Cardiovasc Res 2020 Sep 15. Epub 2020 Sep 15.

Center for Molecular Cardiology, Schlieren Campus, University of Zurich, Wagistrasse 12, Schlieren, Switzerland.

Aims: Arterial thrombosis as a result of plaque rupture or erosion is a key event in acute cardiovascular events. Sirtuin 5 (SIRT5) belongs to the lifespan-regulating sirtuin superfamily and has been implicated in acute ischemic stroke and cardiac hypertrophy. This project aims at investigating the role of SIRT5 in arterial thrombus formation.
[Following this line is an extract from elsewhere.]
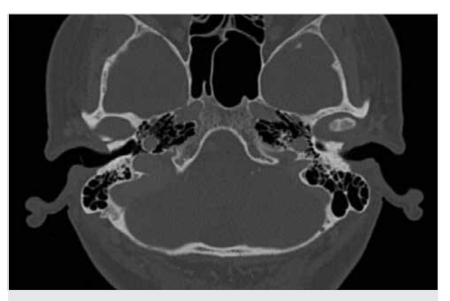
Figure 1. Axial high-resolution temporal bone computed tomography shows bilateral symmetry and almost equal diffuse pneumatization of the petrous apex

Twenty-six patients with temporal bone trauma were excluded from the study. The medical records showed that preliminary diagnoses of the remaining 166 patients were non-pulsatile subjective tinnitus (13.2%), vertigo (11.4%), hearing loss (46.3%), otitis (35%), and otalgia (7.2%). Table 3 shows the temporal MDCT findings of patients with petrous apex pneumatization. Excessive temporal bone pneumatization (57.2%) and high jugular bulb (JB) (21.7%) were found to be the most prevalent variations in patients with petrous apex pneumatization.

Methods And Results: Sirt5 transgenic (Sirt5Tg/0) as well as knock-out (Sirt5-/-) mice underwent photochemically-induced carotid endothelial injury to trigger arterial thrombosis. Primary human aortic endothelial cells (HAECs) treated with SIRT5 silencing-RNA (si-SIRT5) as well as peripheral blood mononuclear cells (PBMCs) from acute coronary syndrome (ACS) patients and non-ACS controls (case-control study, total n = 171) were used to increase the translational relevance of our data. Compared to WT controls, Sirt5Tg/0 mice displayed accelerated arterial thrombus formation following endothelial-specific damage. Conversely, in Sirt5-/-mice arterial thrombosis was blunted. Platelet function was unaltered, as assessed by ex vivo collagen-induced aggregometry. Similarly, activation of the coagulation cascade as assessed by vascular and plasma tissue factor (TF) and TF pathway inhibitor (TFPI) expression was unaltered. Increased thrombus embolization episodes and circulating D-dimer levels suggested augmented activation of the fibrinolytic system in Sirt5-/- mice. Accordingly, Sirt5-/- mice showed reduced plasma and vascular expression of the fibrinolysis inhibitor plasminogen activator inhibitor (PAI)-1. In HAECs, SIRT5-silencing inhibited PAI-1 gene and protein expression in response to TNF-α. This effect was mediated by increased AMPK activation and reduced phosphorylation of the MAP kinase ERK 1/2, but not JNK and p38 as shown both in vivo and in vitro. Lastly, both PAI-1 and SIRT5 gene expression are increased in ACS patients compared to non-ACS controls after adjustment for cardiovascular risk factors, while PAI-1 expression increased across tertiles of SIRT5.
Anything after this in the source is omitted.